Poetry

This Unholy Mess, My Body, In Which Considerable Spirit Dwells


This Unholy Mess, My Body, in Which Considerable Spirit Dwells

 
The eye doctor says my eyeballs are extraordinarily
long: they go far into the back of my head.
He’s a man I gave my only copy of an anthology
featuring eyes, including mine, on the cover,
and now he’s appalled. I lamely counter
“Poets are supposed to see deep.”

My regular doc explains the abdominal aorta
is like “a garden hose through the middle of the body.”
(Here’s a man speaks my language.) But in my case
it ends in ruin, an aqueduct crumbling at its endpoint.

My heart man says a blip on the EKG indicates
“left bundle branch block,”
which is damn hard to say!
It may mean my heart is erratic,
but then whose isn’t?

As for sacroiliac, a word I thought a joke
made up to rhyme with “out of whack,”
my left one has gone outlaw. And this is weird
because it’s not a thing but a space, where other parts
hook up. Hiatal hernia, hypothyroidism, hypertension,
planopilaris, arthritis, sometimes a fall
into vertigo, even traces of the terrible
Mask of Pregnancy I had over 50 years back.

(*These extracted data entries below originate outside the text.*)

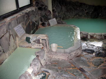 湯舟によって色が違うのは深さや湯の注入量が違うからでしょう。青白く濁ったpH2.6の酸性硫黄泉は浴感満点! 素晴らしいです。 |
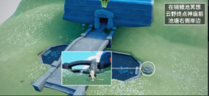 4、「在锦鲤池冥想」在云野神庙门口池塘右岸边的石碑前光圈处打坐并留言。
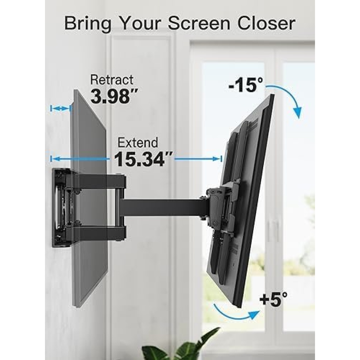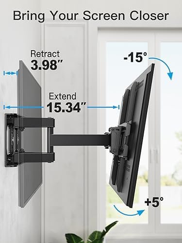 SAVE SPACE: The stable and sturdy TV wall mount extends out 15.34 inches max for viewing and collapses to 3.98 inches from the wall to save space for a cleaner look. Great solution for rooms with multiple viewing areas.

And yet standing on my flat feet I can still cook
prodigious meals. I’ve cooked thousands in my long life.
And with my extremely myopic, post-cataract,
still-cloudy eyes, I’ve read thousands of books.
(Most of them during the pandemic.)
I can still heft 40 pound bags
of manure and mulch and clean,
over time, a three storey house.

This body has carried sleeping children to bed.
It’s climbed a hillside at dawn to irrigate young pines
on Kibbutz Ginegar, skinny-dipped in New Hampshire’s
Swift River. It’s hitchhiked alone at night from Vermont
to New York City, just to see Bobby Weintraub one more time.
It’s won jitterbug contests, been thrown
in the back of a paddy wagon, been struck by a car.

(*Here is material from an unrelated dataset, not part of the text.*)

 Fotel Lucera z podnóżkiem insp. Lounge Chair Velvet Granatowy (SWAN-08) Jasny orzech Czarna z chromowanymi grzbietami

It’s been battered by the first man I married.
And raped by a stranger
left me hooded, tied up, in a closet.
It’s crawled in blackness to the face of a mine,
and changed the diaper of my best friend
after multiple sclerosis ravaged her.

This body’s hands, whose fingers are tending east
and west, knuckles bumping out,
have fed the birds, and written books.
They play the lowliest instrument, the kazoo,
which takes only tune and breath and amplifies
the human voice! in rowdy exaltation.